*** Opening of SOURCE MATERIAL ***

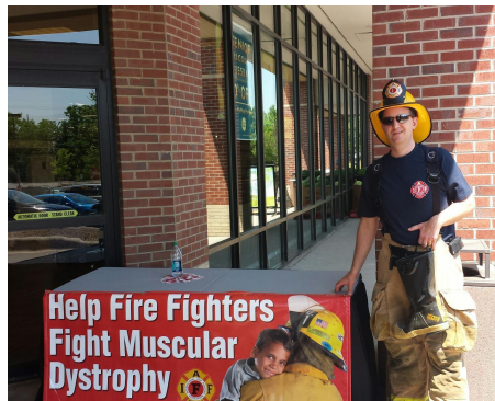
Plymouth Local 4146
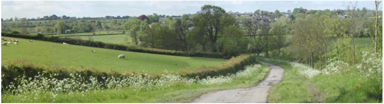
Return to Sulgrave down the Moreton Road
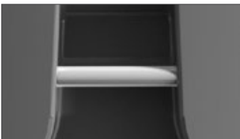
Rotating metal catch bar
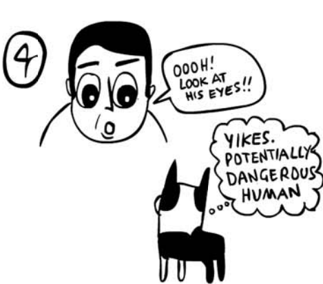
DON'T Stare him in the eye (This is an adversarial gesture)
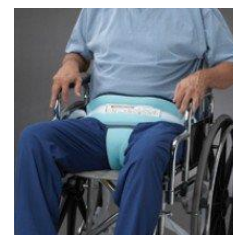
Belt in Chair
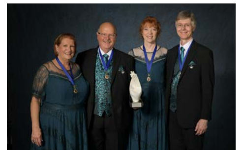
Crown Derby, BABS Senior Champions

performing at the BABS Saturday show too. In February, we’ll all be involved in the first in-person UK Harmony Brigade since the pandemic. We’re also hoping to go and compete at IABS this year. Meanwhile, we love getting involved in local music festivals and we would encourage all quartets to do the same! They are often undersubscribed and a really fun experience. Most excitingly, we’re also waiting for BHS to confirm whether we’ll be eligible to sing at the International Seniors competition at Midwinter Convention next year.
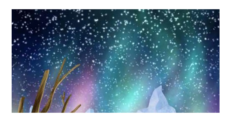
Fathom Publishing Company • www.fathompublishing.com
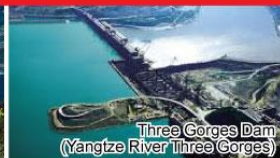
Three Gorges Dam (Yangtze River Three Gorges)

*** Close of SOURCE MATERIAL ***
*** Opening of SOURCE MATERIAL ***

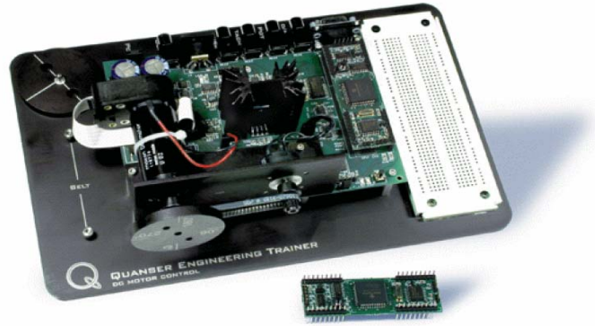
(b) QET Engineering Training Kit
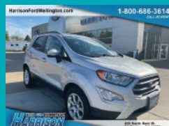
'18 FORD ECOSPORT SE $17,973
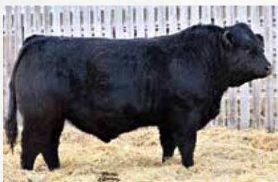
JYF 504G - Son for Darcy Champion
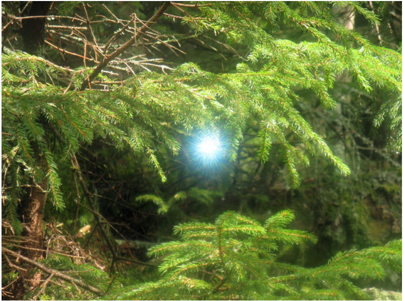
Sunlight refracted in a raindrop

*** Close of SOURCE MATERIAL ***
*** Opening of SOURCE MATERIAL ***

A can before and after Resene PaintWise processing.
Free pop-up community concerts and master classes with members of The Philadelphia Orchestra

*** Close of SOURCE MATERIAL ***

→ **EXERCISE INSTRUCTIONS**:
Starting with the line that has "Return to Sulgrave down the Moreton Road" and going on through the line that has "Crown Derby, BABS Senior Champions", transcribe the records above exactly, but skip the pictures.

→ **TASK SOLUTION**:
Return to Sulgrave down the Moreton Road
Rotating metal catch bar
DON'T Stare him in the eye (This is an adversarial gesture)
Belt in Chair
Crown Derby, BABS Senior Champions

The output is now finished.